Появлялся Эдип. Здоровался, брал в руки гитару.
— Начнем?
— Погоди, я еще струну не сменил, — ворчал Алессандро-Баблюк. Неторопливо подкручивал колок, подносил гитару к уху — слушал. Подкрутит — поднесет, подкрутит — поднесет. — Кажись, все, вроде строит гитара… Начнем?

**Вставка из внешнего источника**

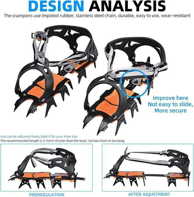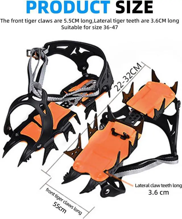 Good performanceLightweight, allowing you to walk naturally, improving stability or reducing the risk of injuryfalsePreferred by hobbyistsGreat for winter outdoor enthusiasts, hunters, ice fishermen, snowmobile drivers, etc. falseService GuaranteeIf you have any questions about the product, you can contact us, we will provide you with professional and detailed answers. false- Peak ClimbersStainless steel eighteen teeth outdoor ice claws, firmly rooted, stable grip, cold-resistant not to break, efficient protection of travel safety issues

— Та, ти, та-та… Та, ти, та-та, — начинал ногой отбивать ритм Баблюк. Тотчас же брался за медиатор Эдип, клавишник Жак пробегал пальцами по октавам, у Слона оживали барабаны и начинали рассыпаться мелкой дробью… Черт возьми, где мои-то семнадцать лет! Подхлестнула бы меня сейчас эта музыка, задергался бы я в ритме «кантри», закружилась бы моя голова от сладких, как карамельки, слов: «Девочка- лапочка, где ты — не знаю я, но понимаю, что ты — далеко…».
Но нет, не закружит больше меня, не задергаюсь я. Не быть мне музыкой подхлестнутым! Давно отдергались мои сверстники, иным и вовсе руки сложили, скоро и мне на покой… Что ж, каждому из нас на Земле последняя музыка — марш Шопена!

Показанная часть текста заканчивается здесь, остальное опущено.